(Dataset items)
──────

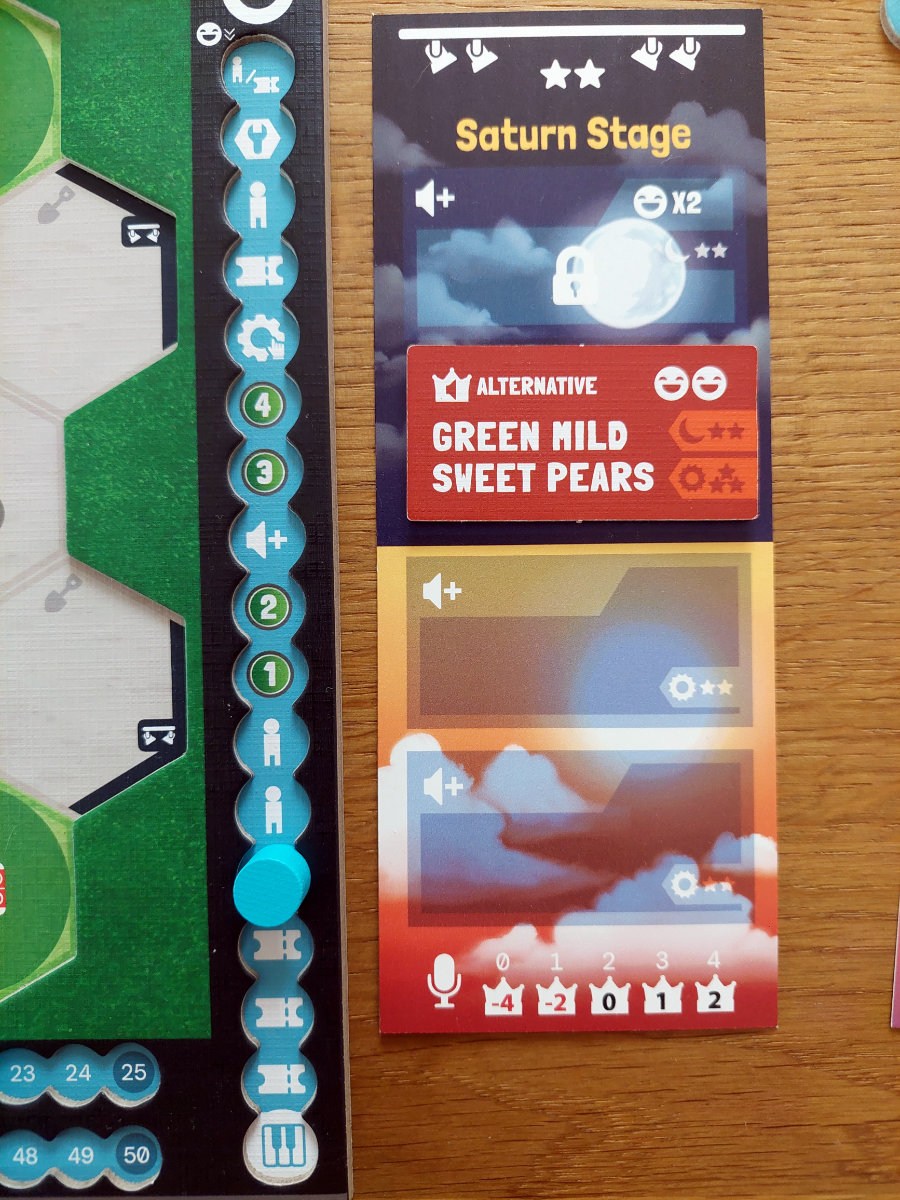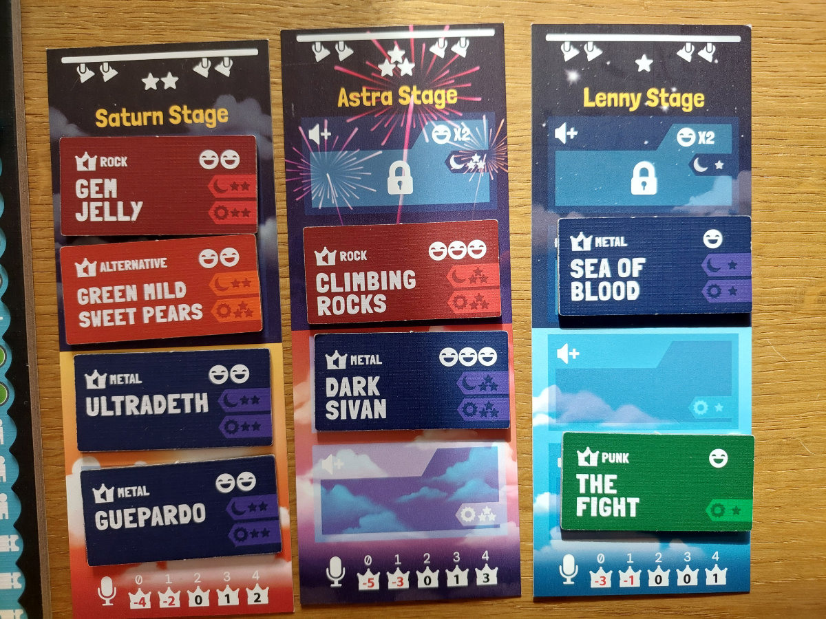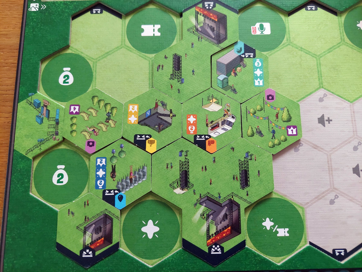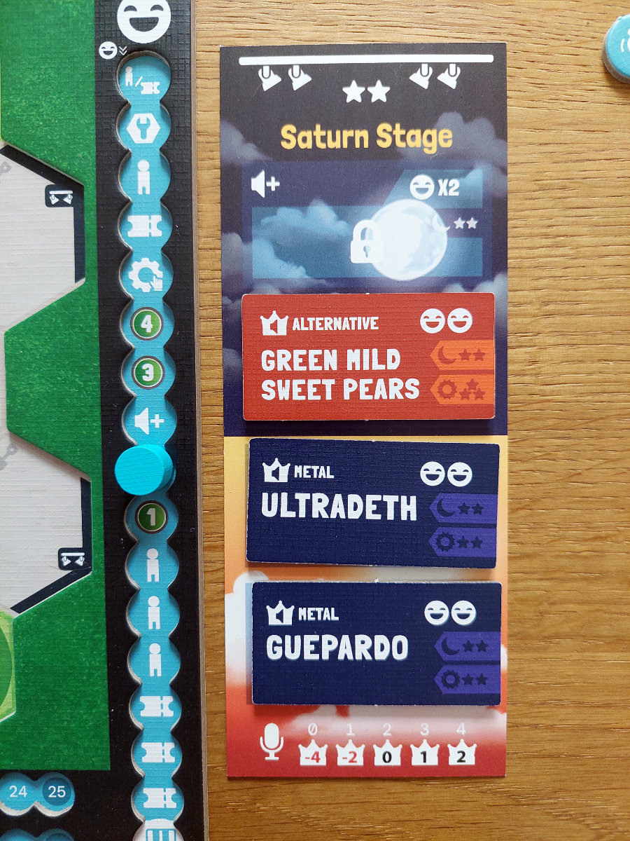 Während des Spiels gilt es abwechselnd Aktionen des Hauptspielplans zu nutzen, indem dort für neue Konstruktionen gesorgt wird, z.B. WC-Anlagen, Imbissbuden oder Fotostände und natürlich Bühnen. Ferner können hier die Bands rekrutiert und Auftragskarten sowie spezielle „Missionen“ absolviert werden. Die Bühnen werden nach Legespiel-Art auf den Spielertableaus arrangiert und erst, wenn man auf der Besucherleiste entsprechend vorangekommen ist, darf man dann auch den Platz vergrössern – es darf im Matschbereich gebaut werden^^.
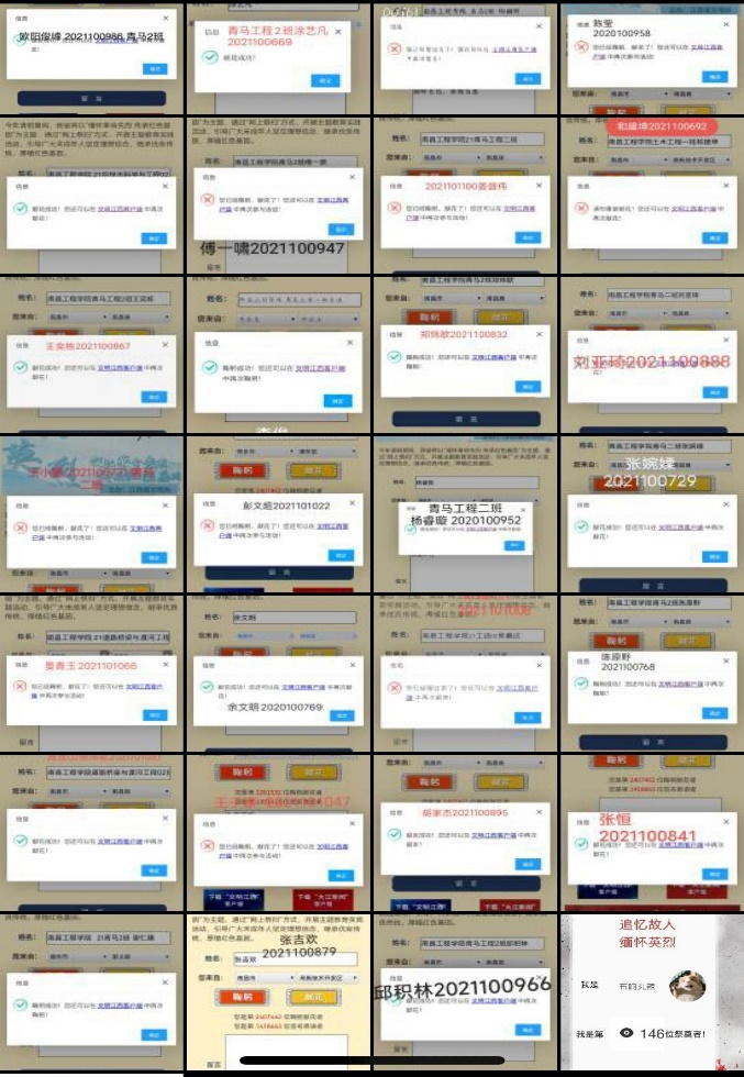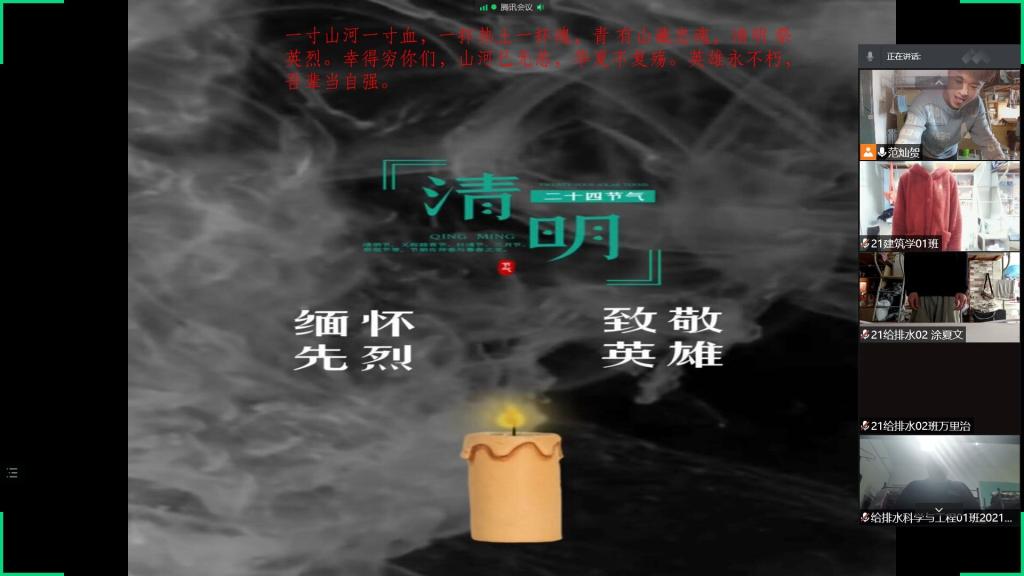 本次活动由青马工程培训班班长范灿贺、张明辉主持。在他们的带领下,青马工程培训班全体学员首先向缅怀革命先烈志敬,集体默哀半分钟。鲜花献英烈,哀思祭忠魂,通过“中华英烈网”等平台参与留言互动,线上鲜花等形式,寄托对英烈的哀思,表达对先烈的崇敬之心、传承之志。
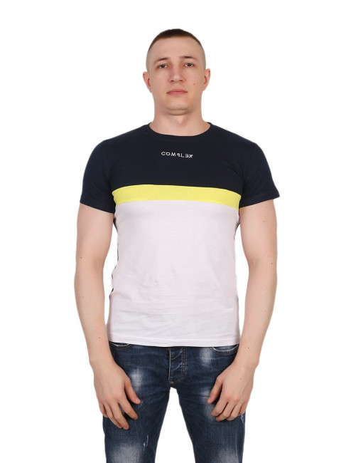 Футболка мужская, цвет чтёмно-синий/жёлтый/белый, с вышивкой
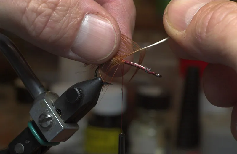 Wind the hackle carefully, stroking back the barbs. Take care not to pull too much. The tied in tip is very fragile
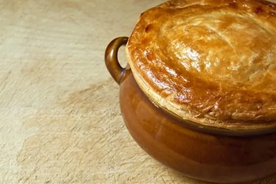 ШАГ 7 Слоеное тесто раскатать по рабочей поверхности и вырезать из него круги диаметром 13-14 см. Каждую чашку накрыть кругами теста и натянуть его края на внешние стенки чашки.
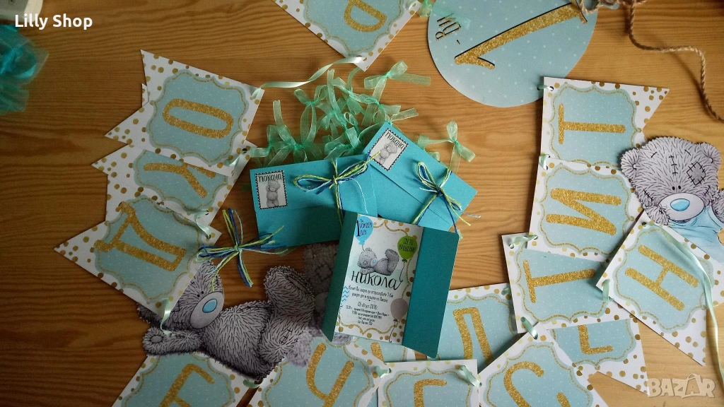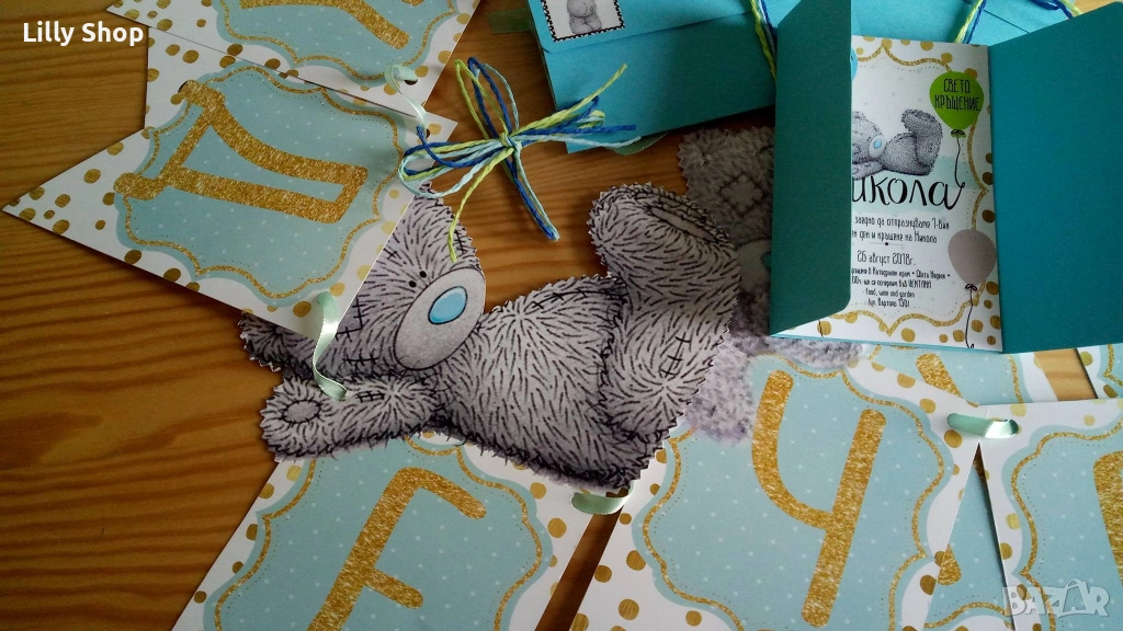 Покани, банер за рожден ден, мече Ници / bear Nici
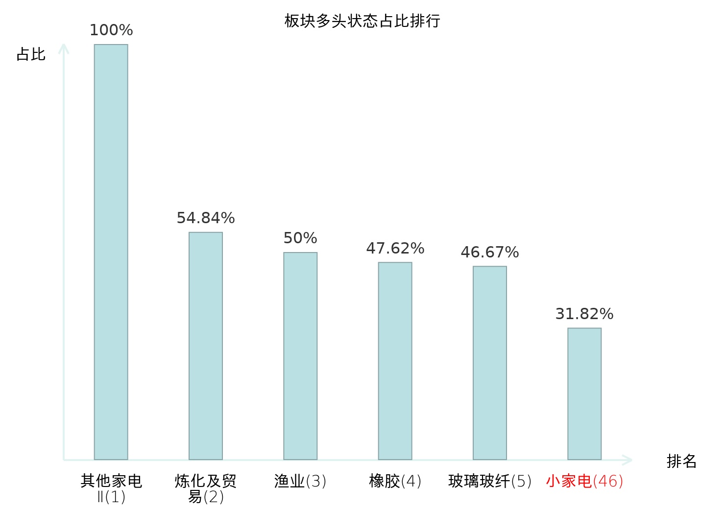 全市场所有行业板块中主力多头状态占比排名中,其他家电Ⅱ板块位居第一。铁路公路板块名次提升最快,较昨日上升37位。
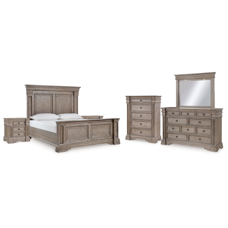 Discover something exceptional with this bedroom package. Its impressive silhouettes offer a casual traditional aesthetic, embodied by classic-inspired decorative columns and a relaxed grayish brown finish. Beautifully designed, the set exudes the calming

──────

#### WORK TASK
Beginning with the line that contains "Покани, банер за" and ending with the last line of the data, restate each line word for word. Exclude the pictures.

#### COMPLETED TASK
 Покани, банер за рожден ден, мече Ници / bear Nici
 全市场所有行业板块中主力多头状态占比排名中,其他家电Ⅱ板块位居第一。铁路公路板块名次提升最快,较昨日上升37位。
 Discover something exceptional with this bedroom package. Its impressive silhouettes offer a casual traditional aesthetic, embodied by classic-inspired decorative columns and a relaxed grayish brown finish. Beautifully designed, the set exudes the calming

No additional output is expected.